To quote the KAFKA docs on their site (6.1 Basic Kafka Operations https://kafka.apache.org/documentation/#basic_ops_add_topic):
Each sharded partition log is placed into its own folder under the Kafka log directory. The name of such folders consists of the topic name, appended by a dash (-) and the partition id. Since a typical folder name can not be over 255 characters long, there will be a limitation on the length of topic names. We assume the number of partitions will not ever be above 100,000. Therefore, topic names cannot be longer than 249 characters. This leaves just enough room in the folder name for a dash and a potentially 5 digit long partition id.
To quote the Zookeeper docs (https://zookeeper.apache.org/doc/trunk/zookeeperOver.html):
The replicated database is an in-memory database containing the entire data tree. Updates are logged to disk for recoverability, and writes are serialized to disk before they are applied to the in-memory database.
Performance:
Depending on your publishing and consumption semantics the topic-partition finity will change. The following are a set of questions you should ask yourself to gain insight into a potential solution (your question is very open ended):
Is the data I am publishing mission critical (i.e. cannot lose it, must be sure I published it, must have exactly once consumption)?
Should I make the producer.send() call as synchronous as possible or continue to use the asynchronous method with batching (do I trade-off publishing guarantees for speed)?
Are the messages I am publishing dependent on one another? Does message A have to be consumed before message B (implies A published before B)?
How do I choose which partition to send my message to?
Should I: assign the message to a partition (extra producer logic), let the cluster decide in a round robin fashion, or assign a key which will hash to one of the partitions for the topic (need to come up with an evenly distributed hash to get good load balancing across partitions)
How many topics should you have? How is this connected to the semantics of your data? Will auto-creating topics for many distinct logical data domains be efficient (think of the effect on Zookeeper and administrative pain to delete stale topics)?
Partitions provide parallelism (more consumers possible) and possibly increased positive load balancing effects (if producer publishes correctly). Would you want to assign parts of your problem domain elements to specific partitions (when publishing send data for client A to partition 1)? What side-effects does this have (think refactorability and maintainability)?
Will you want to make more partitions than you need so you can scale up if needed with more brokers/consumers?
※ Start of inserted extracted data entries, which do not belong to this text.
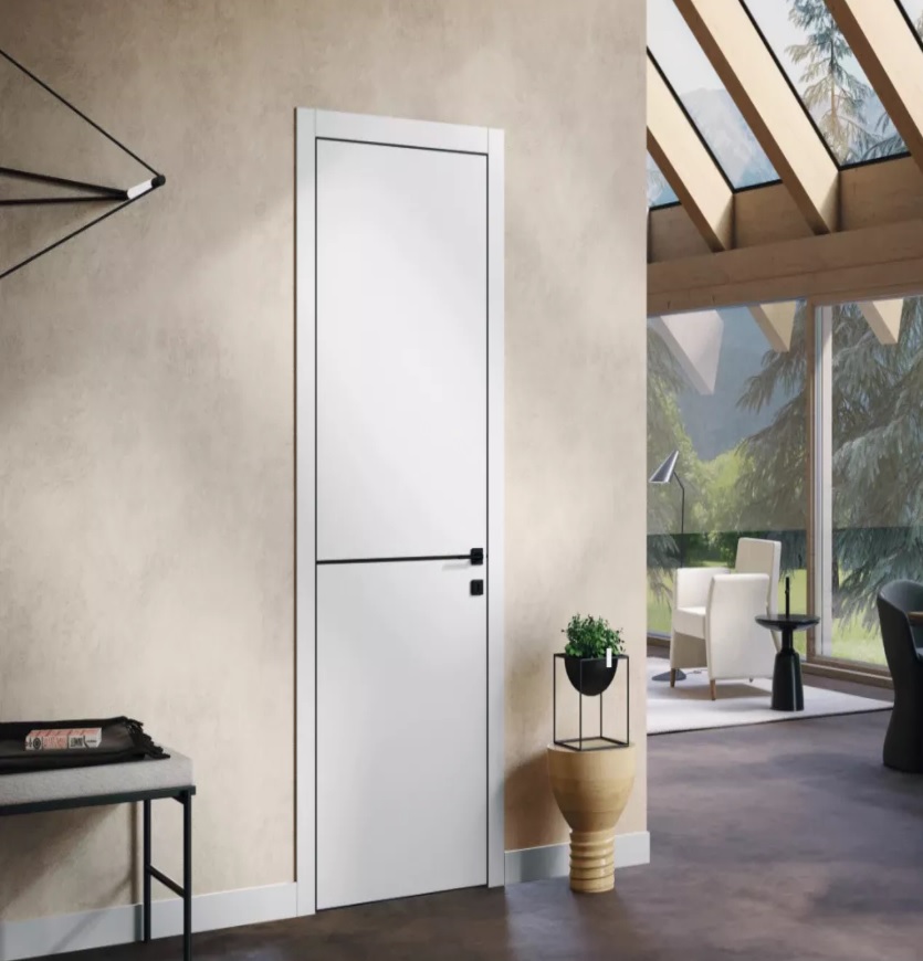 - Внутрішні двері — забезпечують зонування простору і впливають на дизайн кімнат. Найчастіше виробляються зі деревини, МДФ або скла. Важливий момент — звукоізоляція. Для спалень чи робочих кабінетів важливо обирати щільні двері з хорошими шумопоглинаючими властивостями.
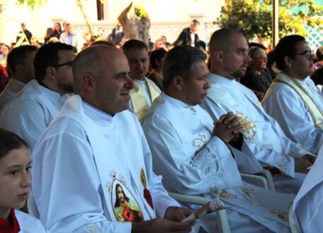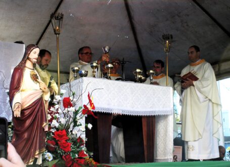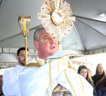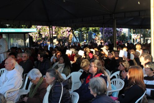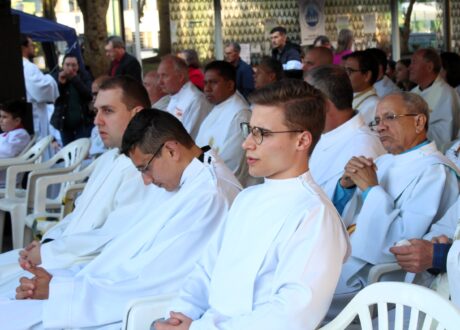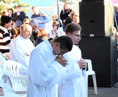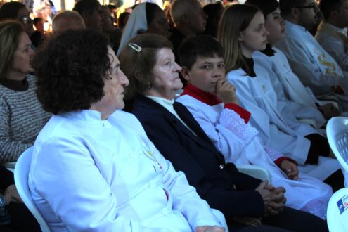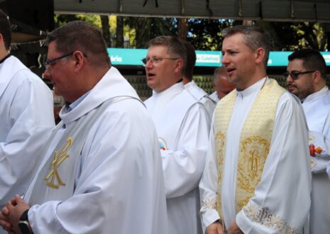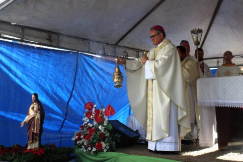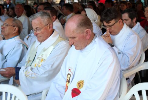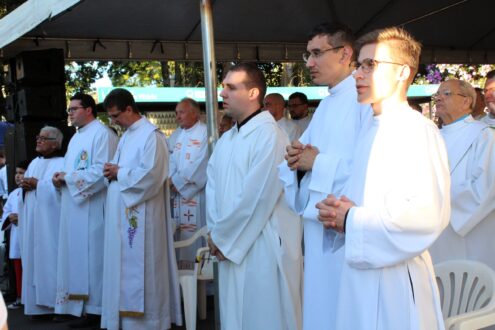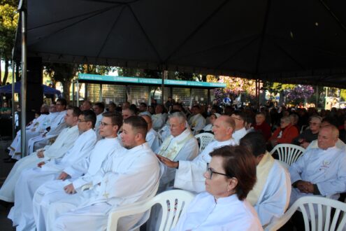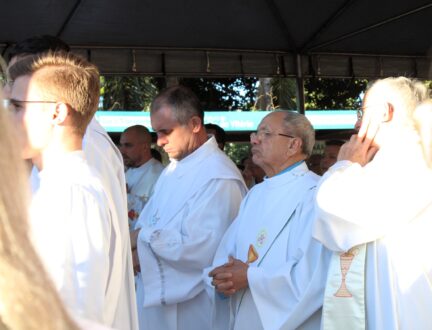 O Terço da Misericórdia, conduzido às 15h pelas Irmãs Saletinas, preparou os corações para o momento culminante da romaria: a Santa Missa com Consagração ao Sagrado Coração de Jesus, celebrada às 15h30 por Dom Walter Jorge, com concelebração do clero diocesano.
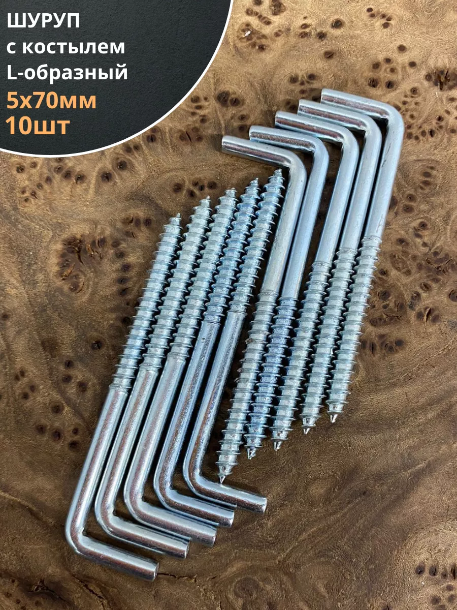 Шуруп с костылем L-образный 5х70, 10 шт.
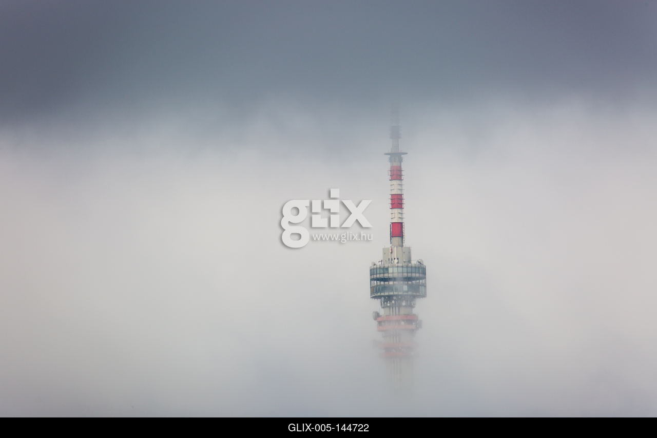 Telecommunication Tower in foggy and cloudy sky.A pécsi Tv-torony és Kilátó Magyarország legmagasabb épülete. A 197 méter magas épület a Mecsek 535 méter magas Misina csúcsán áll.
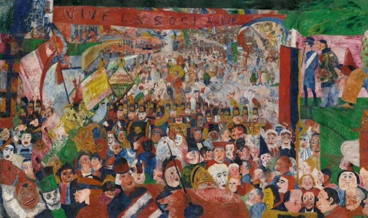The use of masks and caricatures in the painting serves as a powerful symbol of the falsehoods and deceptions that permeate society. By depicting the crowd as a masquerade, Ensor underscores the idea that individuals hide their true selves behind facades of respectability and piety. The painting’s chaotic and crowded composition further reinforces the sense of disorder and confusion that defines the modern world.
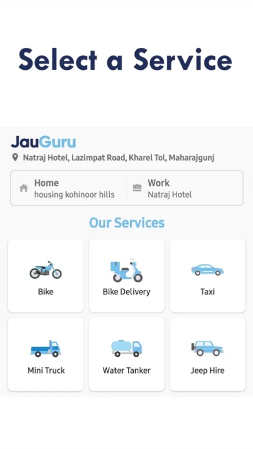 Pick up your phone and log in to the ultimate mobility platform 'JauGuru.' It aims to simplify the everyday journey by enabling users to connect with the service partner for the sole purpose of providing rides or making deliveries. JauGuru is entirely made from scratch in Nepal by our brilliant developers, which includes ride options like Bike, Bike delivery, Mini Truck, Taxi, Water Tanker, and Jeep Hire to get you to your destination. Pick a ride based on your preferences and price range. Get a ride instantly and get picked up at your doorstep. Verify each other and start the ride. The map in the application will help the driver to take the user to their destination. An SOS button in the app can also be used in an emergency situation. Don't limit yourself from the possibilities. Earn with the vehicle you own and be a JauGuru partner. Get instant payments.
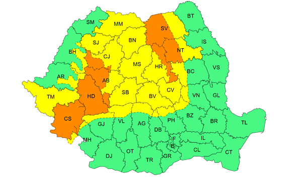 Cod Portocaliu de furtuni manifestate prin averse importante cantitativ, rafale puternice de vânt și grindină, emis de meteorologi pentru duminică, 17 august, între orele 14.00 - 21.00. Fenomene meteo așteptate:...
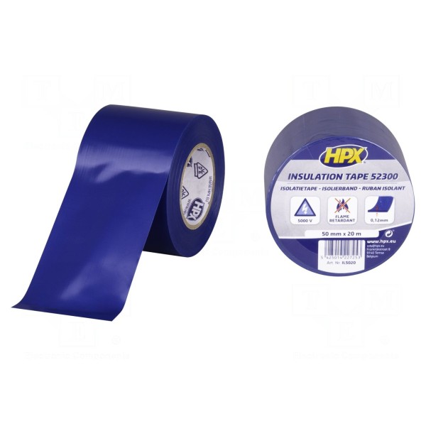 Taśma elektroizolacyjna z folii PVC, 50mm x 20m, niebieska
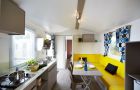 These mobile homes are located on the upper area of the campsite. This caravan is suitable for a maximum of four people.
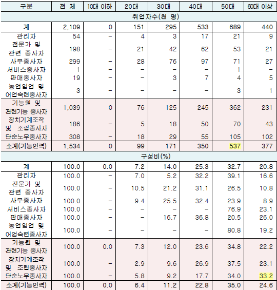 위의 표 중 취업자수의 단위는 천명입니다. 50대 이상 기능인력 취업자수가 50만명 가량으로 가장 높았습니다. 기능인력의 연령대별 분포는 50대(537천 명), 60대 이상(377천 명), 40대(350천 명)의 순입니다. 40대 이상 비중이 전체 기능인력의 82.4%, 장치기계조작 및 조립종사자의 경우 87.5%를 차지하고 있으며, 60대 이상 비중은 전체 기능인력의 24.6%, 단순노무종사자의 경우 33.2%를 차지하고 있습니다. 건설현장의 고령화 문제도 점점 심각한 수준이 되어 가는 것 같습니다.
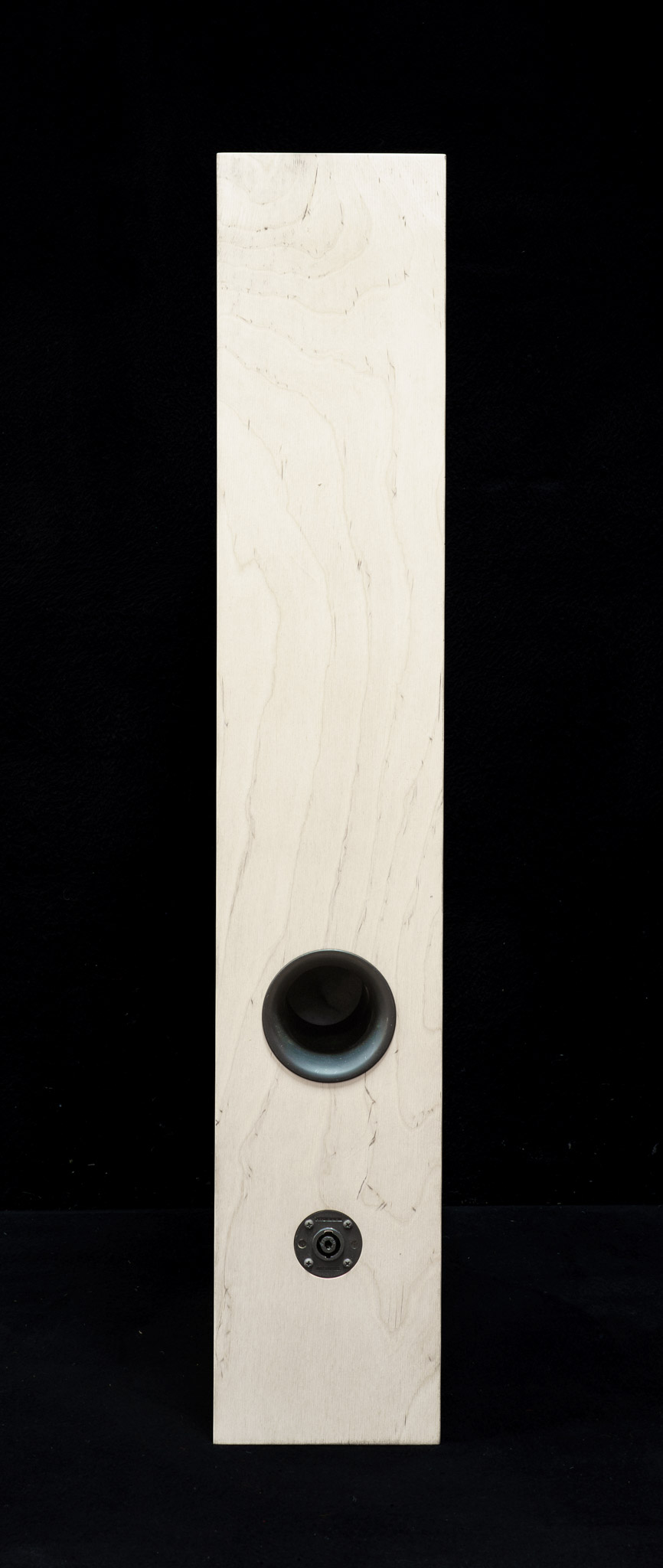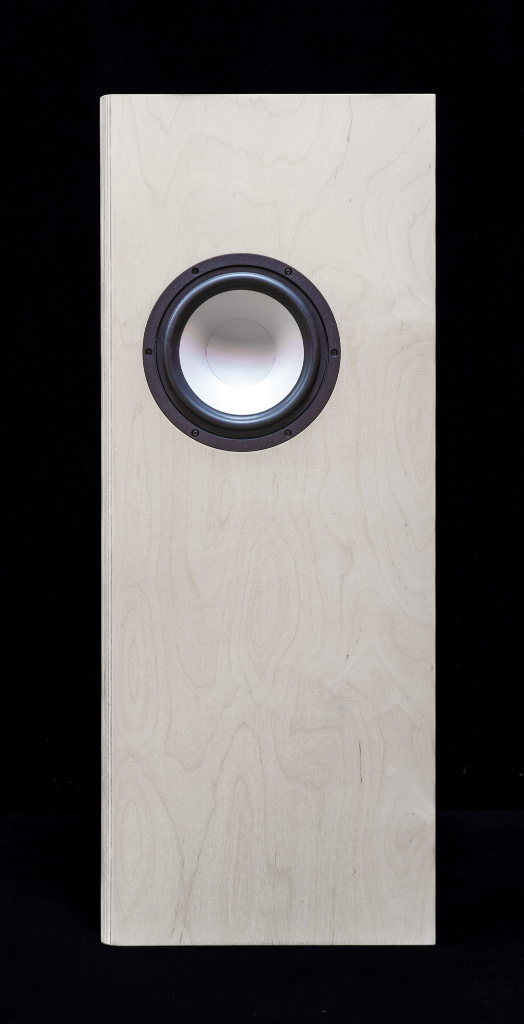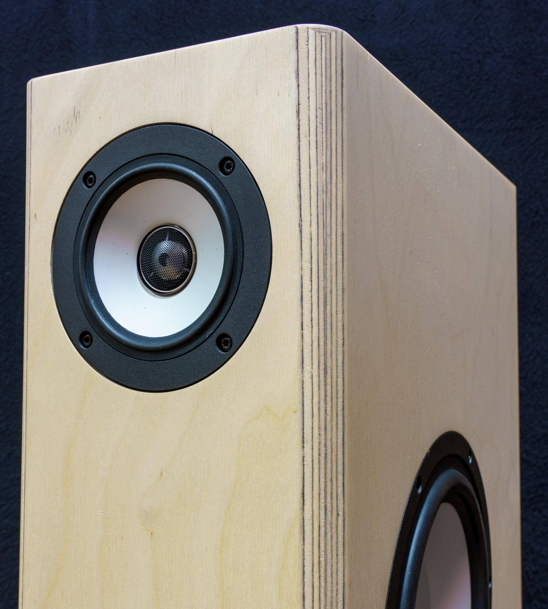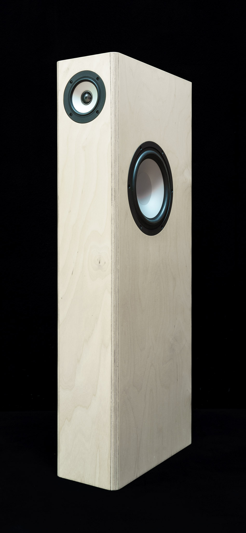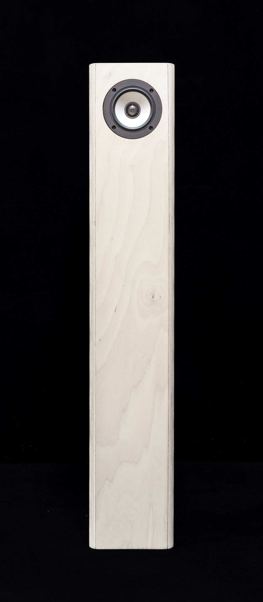 Das Konzept: Schlanke Box mit Wucht. Die Lösung: Koaxial-Chassis (Mitteltöner und Hochtöner) mit 3“ (ca. 11cm) Außendurchmesser in der Front, seitlich ein Langhub-Tieftöner mit 8“ (ca. 22cm) Außendurchmesser.

How realistic is automatic scaling of a KAFKA cluster given your expertise? Will this be done manually? Is manual scaling viable for your problem domain (are you building KAFKA around a fixed system with well known characteristics or are you required to be able to handle severe spikes in messages)?
How will my consumers subscribe to topics? Will they use pre-configured configurations or use a regex to consume many topics? Are the messages between topics dependent or prioritized (need extra logic on consumer to implement priority)?
Should you use different network interfaces for replication between brokers (i.e. port 9092 for producers/consumers and 9093 for replication traffic)?
Good Links:
http://cloudurable.com/ppt/4-kafka-detailed-architecture.pdf
https://www.slideshare.net/ToddPalino/putting-kafka-into-overdrive
https://www.slideshare.net/JiangjieQin/no-data-loss-pipeline-with-apache-kafka-49753844
https://kafka.apache.org/documentation/
Related
I have built a micro service platform based on kubernetes, but Kafka is used as MQ in the service. Now a very confusing question has arisen. Kubernetes is designed to facilitate the expansion of micro services. However, when the expansion exceeds the number of Kafka partitions, some micro services cannot be consumed. What should I do?
This is a Kafka limitation and has nothing to do with your service scheduler.
Kafka consumer groups simply cannot scale beyond the partition count. So, if you have a single partitioned topic because you care about strict event ordering, then only one replica of your service can be active and consuming from the topic, and you'd need to handle failover in specific ways that is outside the scope of Kafka itself.
If your concern is the k8s autoscaler, then you can look into the KEDA autoscaler for Kafka services
Kafka, as OneCricketeer notes, bounds the parallelism of consumption by the number of partitions.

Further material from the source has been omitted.